La prévention des incidents de thrombose dans la vraie vieavait été à la base de l’étude Xamos (XArelto in the prophylaxis of post-surgical venous thromboembolism after elective Major Orthopaedic Surgery of hip or knee) qui est une étude internationale, observationnelle et non interventionnelle. Cette étude  a été menée auprès de plus de 17 000 personnes opérées sur la hanche ou le genou et répartis en deux groupes, un groupe sous Rivaroxaban et le deuxième sous Enoxaparine. Il a été constaté une réduction significative des évènements thromboemboliques veineux symptomatiques sous Rivaroxaban par rapport à l’HBPM.

Monitorer un traitement à base de Rivaroxaban

Le monitoring, une question autour de laquelle beaucoup de débats et de discussions avaient été conduits, depuis déjà 6 ans. Il faut savoir que les NACOs influencent les tests globaux de coagulation sans, pour autant, donner d’information sur le risque hémorragique.

Comment peut-on faire face à une hémorragie sous Rivaroxaban ?

L’antidote du Rivaroxaban, c’est bientôt du domaine du concret et il sera présent sur le marché au début de l’année prochaine, il s’agit de l’Andexanet, a précisé Pr Mouret. Cette molécule ressemble au facteur Xa avec un mode d’action très intéressant puisqu’elle elle avale le Rivaroxaban. L’Andexanet neutralise, après 2 mn, 50% de l’activité du Rivaroxaban. Les résultats officiels avaient été présentés à San Diego le 16 mars. Cet antidote est spécifique du facteur Xa, son début d’action est très rapide, après quelques minutes et il est réservé aux hémorragies massives.

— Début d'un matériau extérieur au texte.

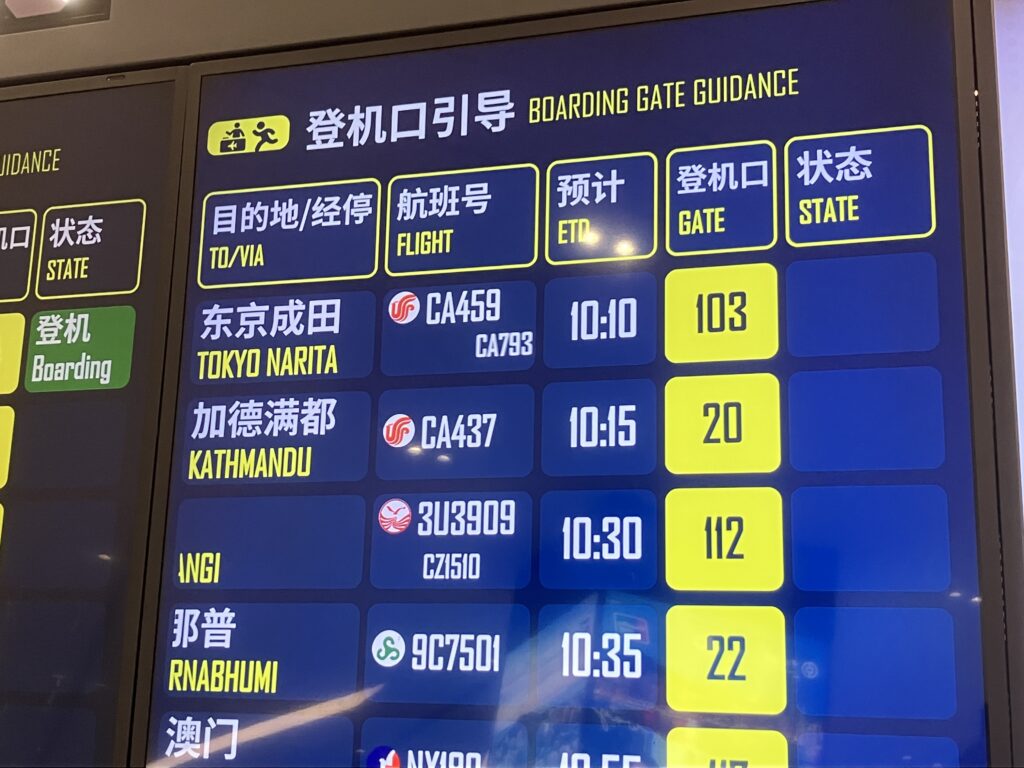 カトマンズ発、成都行きの便は搭乗口は4でした。国内線もそうだったのですが、ゲートの電光掲示板がきちんと情報を掲示してくれていません。フライト番号と時間がきちんと掲示されているゲートもあれば、されていないゲートもあります。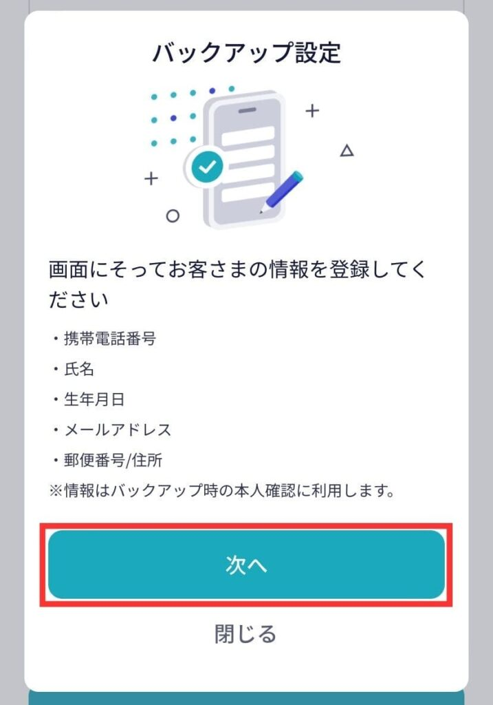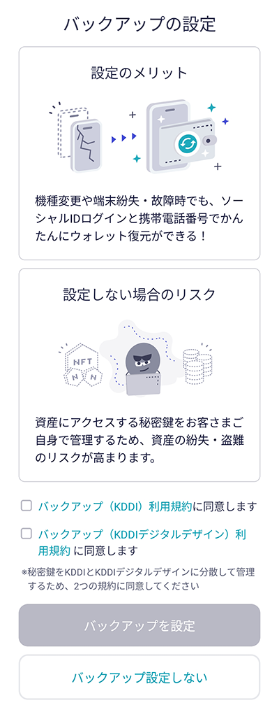 まずウォレットをセットアップするとき、秘密鍵の生成後に「バックアップ機能」を使うかを選択できます。選択しなければ、通常通りシードフレーズが表示され、書き留めるように促されます。しかし、バックアップ機能を使用する場合はKDDI社・KDDIデジタルデザイン社の2つの利用規約に同意し、シードフレーズを秘密分散してこの2社にバックアップします。その後シードフレーズを確認しようにもアプリ内ではどこにも表示してくれません。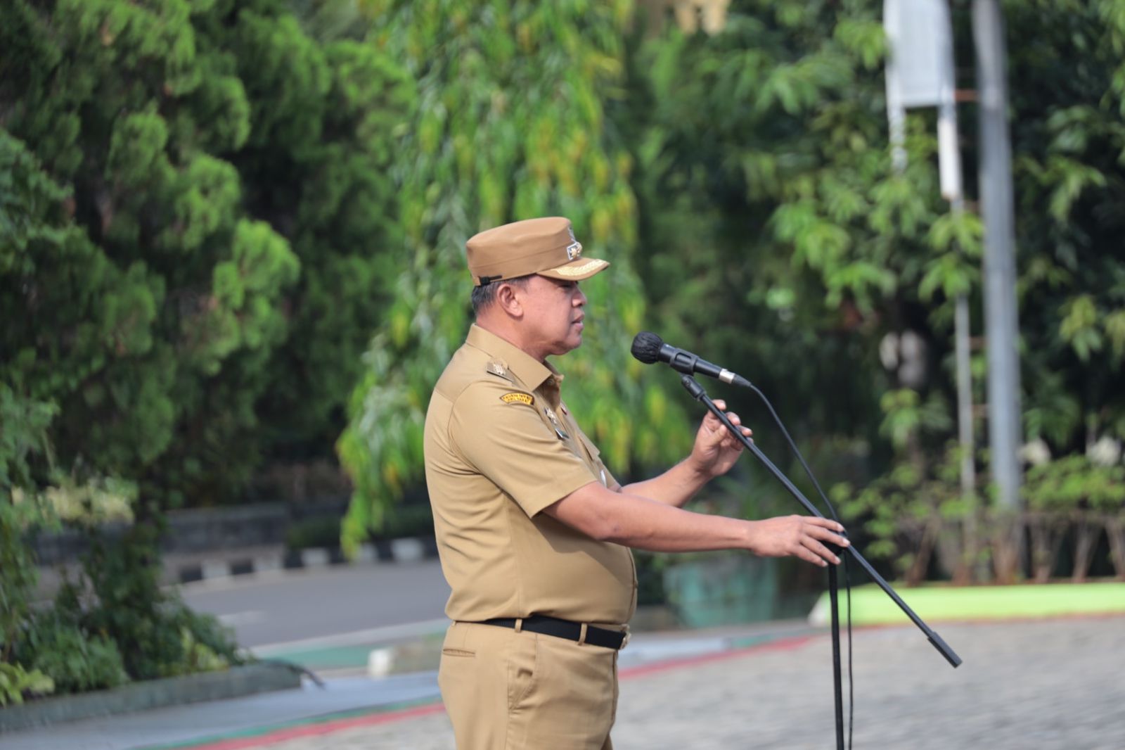 Wali Kota Bekasi, Tri Adhianto, memimpin apel pagi yang digelar di Lapangan Plaza Pemerintah Kota Bekasi, Senin (3/11). Apel rutin tersebut dihadiri oleh jajaran pejabat Pemerintah Kota Bekasi, ASN, serta perwakilan dari berbagai perangkat daerah.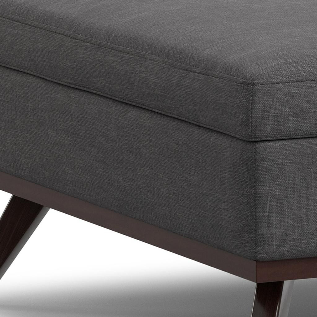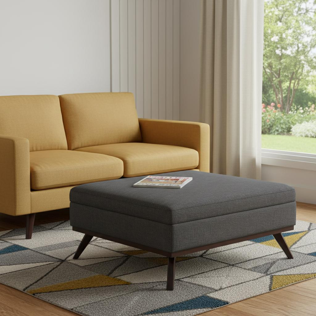 Optimize your space and add some charm to your room with the 40-inch gray and brown fabric cocktail ottoman with storage. This chic cocktail ottoman is larger in size and designed to serve as a make-shift coffee table during parties. The surface is wide and flat which is not only suitable for a footrest or seat but also ready to hold trays of appetizers, drinks, or desserts. The upholstery top of this ottoman is a nice contrast to the upholstery material. Expertly upholstered with padding in a soft solid color polyester, this ottoman is as comfortable as it is good looking. Easy to blend into most any room, a ottoman is a way to add a good looking accent to your space that can also be practical and useful. 19.00-inch h x 40.00-inch w x 40.00-inch d.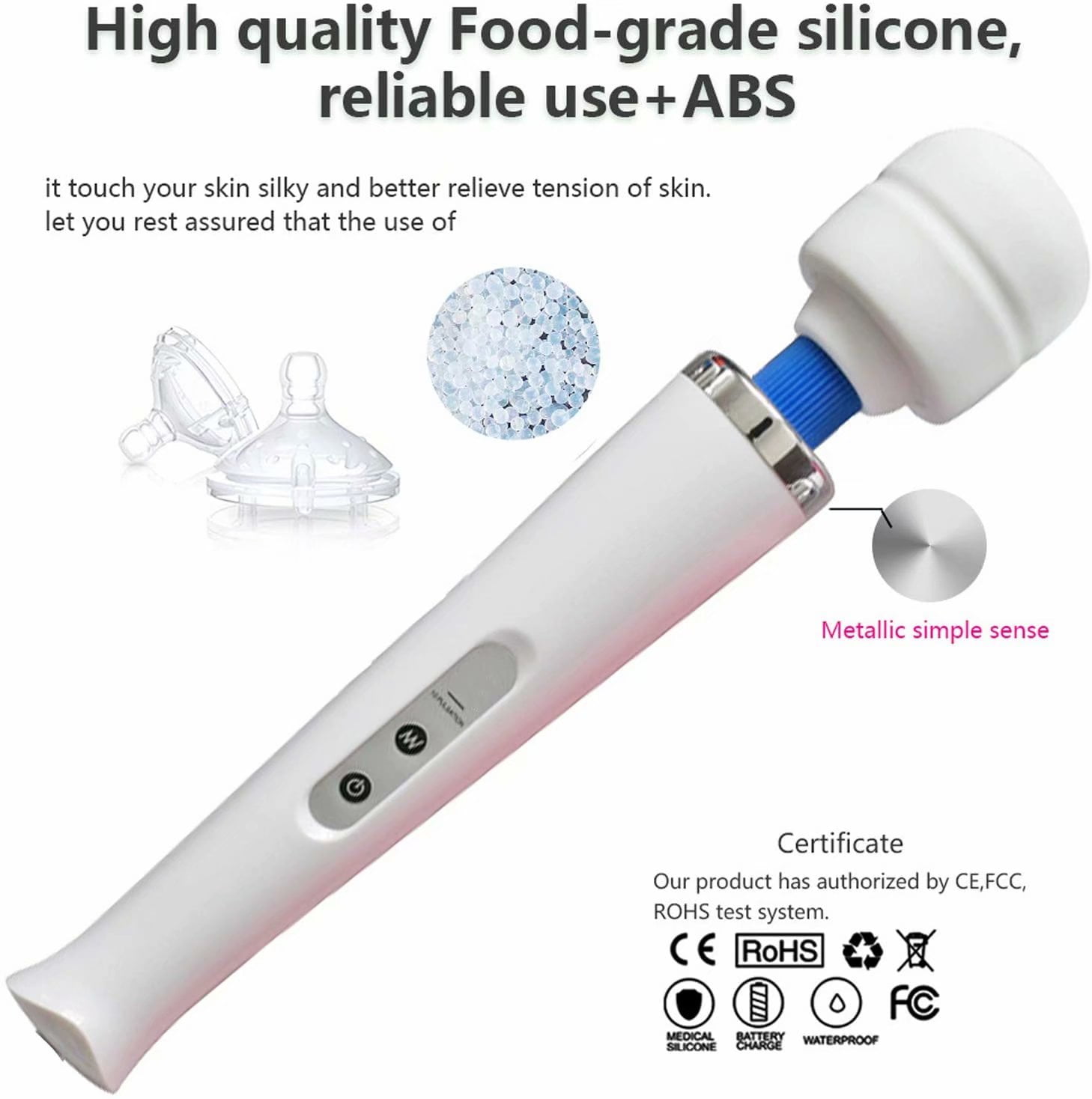 - Soft Silicone Head – Personal wand massager features a soft-touch silicone head. So even though the vibrations are powerful, it feels delightfully soft against your skin.

A la fin de son exposé, Pr Mouret a récapitulé en soulignant l’importance de la voie orale, de la monoprise quotidienne, de la faible élimination rénale et le temps de demi-vie relativement court du Rivaroxaban, des atouts qui font de ce médicament l’anticoagulant oral le plus convoité actuellement. Le Rivaroxaban, possède aussi l’avantage d’inactiver aussi bien le facteur Xa libre que celui lié au thrombus, ce qui évite l’effet rebond après l’arrêt du traitement. Sous Rivaroxaban, les évènements thromboemboliques sont diminués de 50% comparativement aux HBPM.

Pr Mouret n’a, cependant, pas omis de parler d’un volet autrefois névralgique qu’est « Le prix ». En effet, six  ans auparavant, le Rivaroxaban était deux fois plus cher que les HBPM (héparine à bas poids moléculaire). De nos jours, ces deux produits sont au même prix ce qui fait qu’il ne devrait plus y avoir de contre-indication financière à l’utilisation de ce médicament. Et avec l’arrivée prochaine sur le marché de son antidote spécifique, chose qui réconforte certainement les médecins dans les situations d’urgence, le Rivaroxaban aspire à être leader sur le marché de l’anticoagulation orale.